I have localized the issue. Here is the Autograd function definition:
class FusedChunkLinearAttentionFunction(torch.autograd.Function):
@staticmethod
def forward(ctx, q, k, v, scale, initial_state, output_final_state):
batch_size, n_heads, seq_len, d_head_qk = q.shape
d_head_v = v.shape[-1]
ctx.scale = scale
# Convert PyTorch dtype to Triton dtype
if q.dtype == torch.float16:
triton_dtype = tl.float16
elif q.dtype == torch.bfloat16:
triton_dtype = tl.bfloat16
else:
triton_dtype = tl.float32
# Initialize the output tensors
BK = min(triton.next_power_of_2(d_head_qk), 64)

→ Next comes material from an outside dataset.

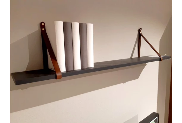 Nástenná polica z kolekcie Dark – dodajte Vášmu bytu nádych extravagancie s nábytkom v industriálnom štýle. Povrchy v imitácii čierneho lávového kameňa dopĺňa originálne zavesenie z pravej kože.

NK = triton.cdiv(d_head_qk, BK)
o = q.new_empty(NK, batch_size, n_heads, seq_len, d_head_v)
if output_final_state:
final_state = q.new_empty(
batch_size, n_heads, d_head_qk, d_head_v, dtype=torch.float32, requires_grad=False
)
else:
final_state = None
grid = lambda args: ( # noqa: E731
triton.cdiv(v.shape[-1], args["BV"]),
NK,
batch_size * n_heads,
)
fused_chunk_linear_attn_fwd_kernel[grid](
q,
k,
v,
o,
initial_state,
final_state,
scale,
q.stride(1),
q.stride(2),
q.stride(3),
v.stride(1),
v.stride(2),
v.stride(3),
batch_size,
n_heads,
seq_len,
d_head_qk,
d_head_v,
BK=BK,
USE_INITIAL_STATE=initial_state is not None,
STORE_FINAL_STATE=output_final_state,
DTYPE=triton_dtype,
)
ctx.save_for_backward(q, k, v, initial_state)

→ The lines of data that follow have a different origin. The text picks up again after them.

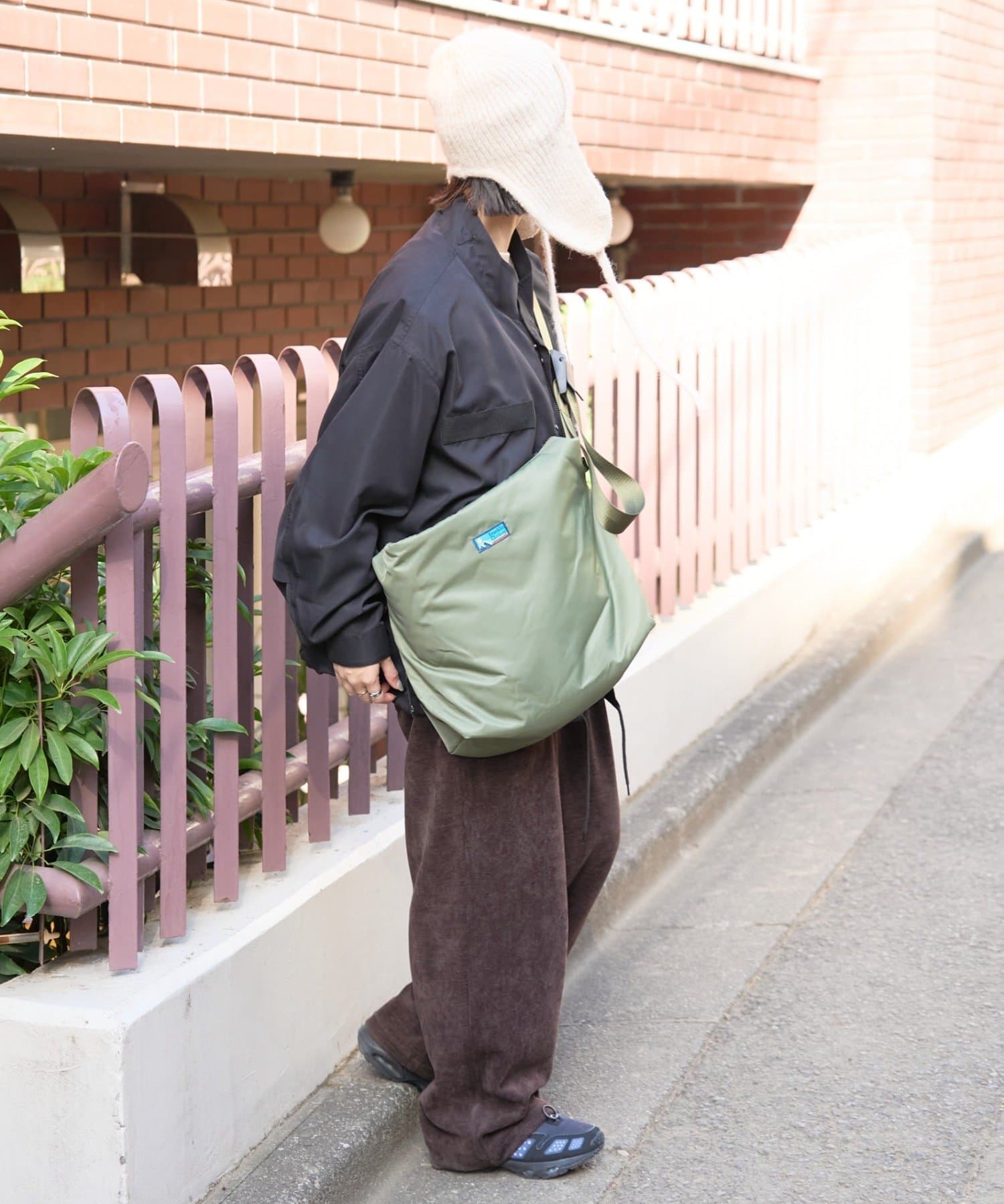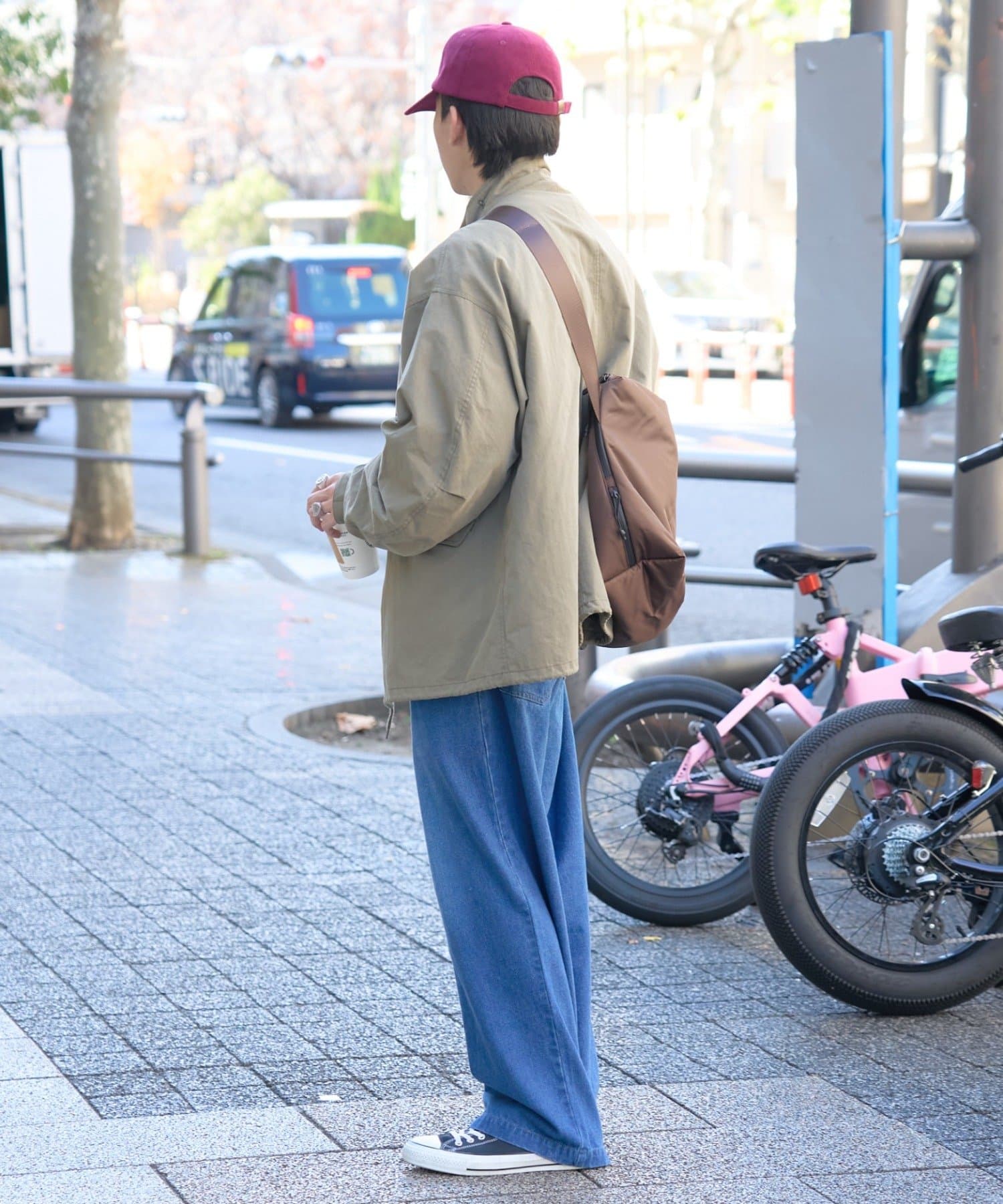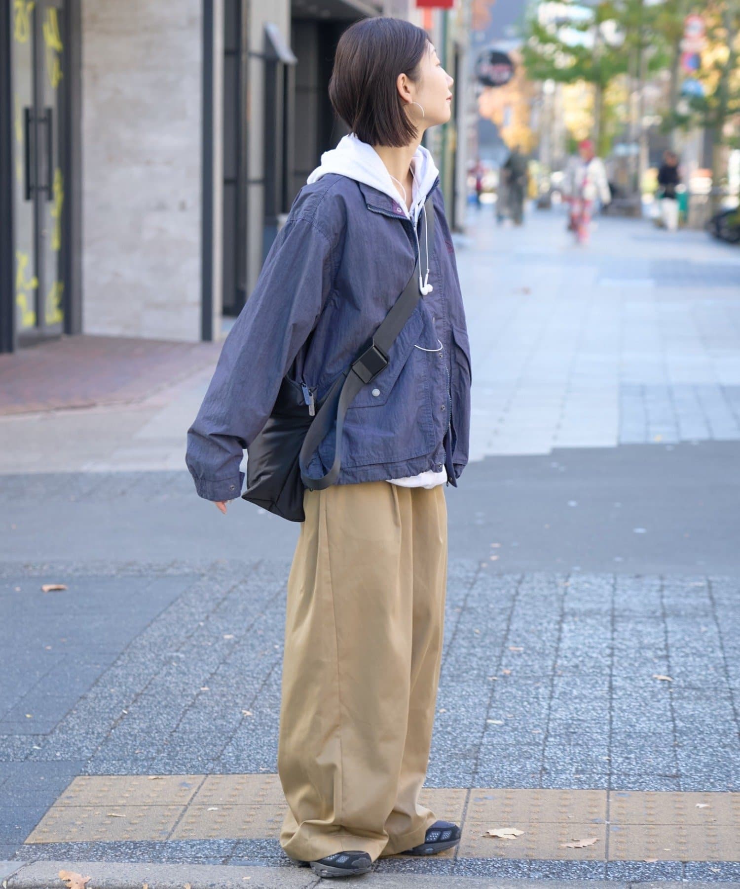 ナイロンの軽やかな素材感がカジュアルコーデにフィット。
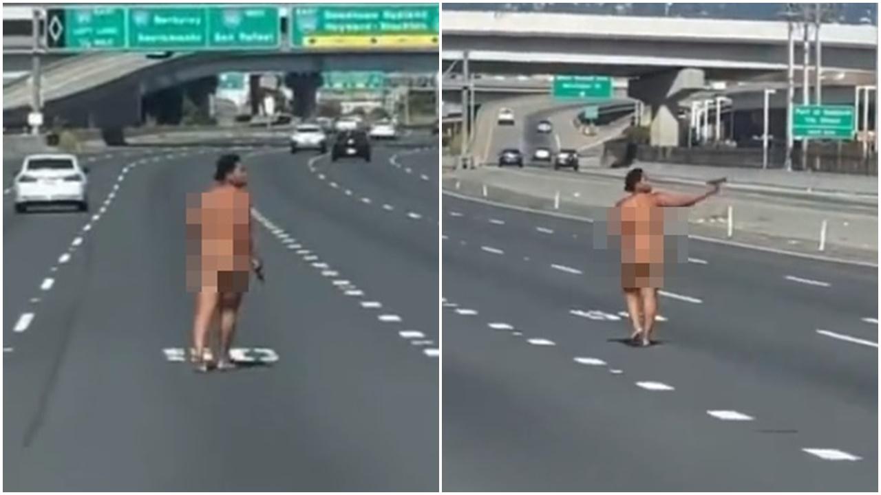 美國裸女闖大橋車道舉槍亂射 失控畫面曝光(有片)
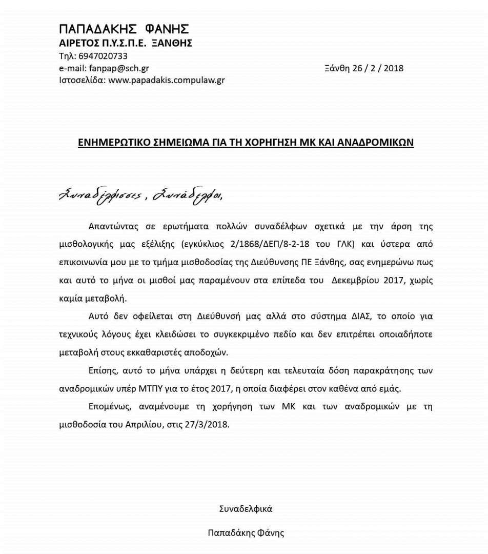 Ο αιρετός του ΠΥΣΠΕ Ξάνθης Φάνης Παπαδάκης ενημερώνει σχετικά με τη χορήγηση ΜΚ και αναδρομικών.

ctx.triton_dtype = triton_dtype
# This code returns incorrect outputs when running with torch compile
# o = o.sum(0)
# return o.to(q.dtype), final_state
# If I break the compilation graph with print(), then the code returns correct outputs
if NK > 1:
print("") # this is needed to break the torch compile graph
o = o.sum(0)
return o.to(q.dtype), final_state
else:
# in our setting we can avoid this since NK will be one
return o[0].to(q.dtype), final_state
The issue stems from the final
o.sum(0)
since it sums up values that are computed by independent threadblocks on the GPU. torch compile tries to compile the full function into a single graph, yielding incorrect values. I speculate that it probably tries to do the sum before all the values are actually available.
Instead if I force break the graph before the sum operation, then the outputs are correct and match the eager mode values.
Two questions:
- Is that behaviour expected that the outputs are incorrect in this case? I would expect torch compile to wait until the triton kernel fully finishes and correctly compute the sum.
- If yes, is there a more principled way to break the graph instead of using a print() function?